In this paper investigations of possibilities to go further and to produce sub-diffraction limited structures are reported. We investigate two types of microstructuring with tightly focused femtosecond pulses - microstructuring on the target surface and in the bulk of transparent materials. Direct ablative writing on the target surface is of great practical importance (e.g. for repair of photolithographic masks). Internal microstructures can be produced by tightly focusing femtosecond pulses in the bulk of transparent materials. We use this technique for the manufacturing of optical waveguides.
It has been suggested [1] that by taking advantage of the well-defined ablation threshold one can overcome the diffraction limit by choosing the peak laser fluence slightly above the threshold value. In this case only the central part of the beam can ablate the material and it becomes possible to produce sub-diffraction limited structures [1]. Another approach for the production of sub-diffraction limited structures (which is not discussed here) is to use femtosecond pulses in combination with a scanning near-field optical microscope (SNOM) [7]. In this case the SNOM works in the so-called illumination mode with femtosecond pulses coupled into a fiber tip. Applications of this technique for nanostructuring and direct ablative writing upon metal surfaces have been demonstrated, recently [7].

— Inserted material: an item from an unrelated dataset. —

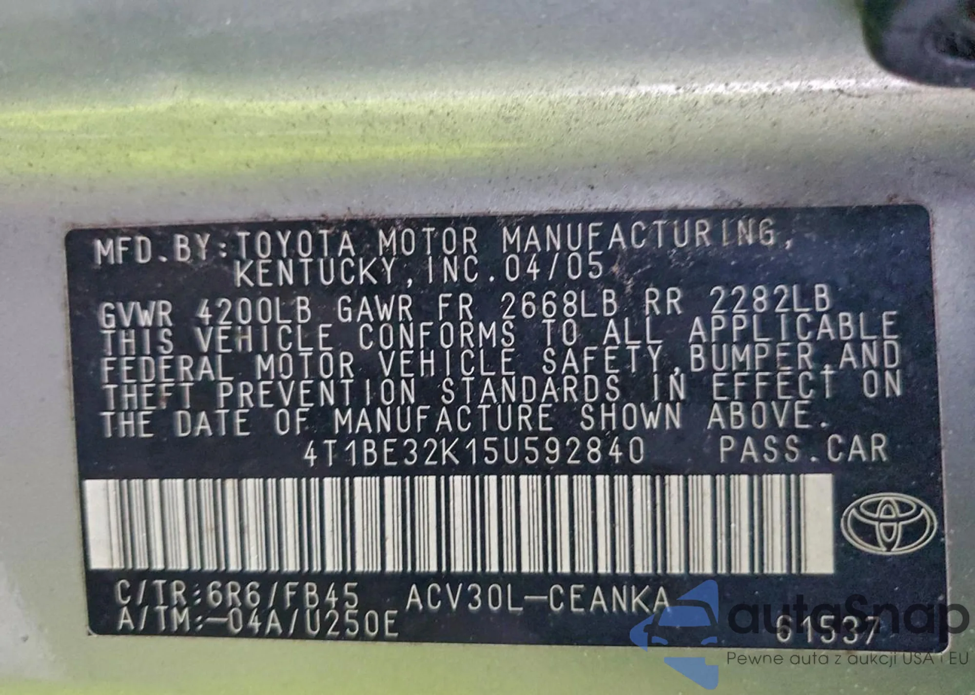 LOT: 95445325 VIN: JM3TCACY4H0127333

In Sec. 2 of this paper, we discuss the physics of ultrashort pulse laser ablation. In Sec. 3 we perform systematic investigations of microstructuring with tightly focused laser pulses. Our motivation is to study how far one can go in an attempt to reduce the structure size using Gaussian laser pulses at 780 nm and to identify the best regime (optimum laser parameters) for the fabrication of sub-diffraction limited structures in 100–200 nm chrome-coated surfaces. This technique has potential applications for the repair of photolithographic masks and other purposes. In Sec. 4 we report on the fabrication of optical waveguides in transparent crystals. By adjusting the laser pulse energy close to the damage threshold of a dielectric material, internal waveguides can be produced by tightly focused laser pulses due to laser induced refractive index modifications. Investigations of the waveguiding properties of the fabricated structures are performed.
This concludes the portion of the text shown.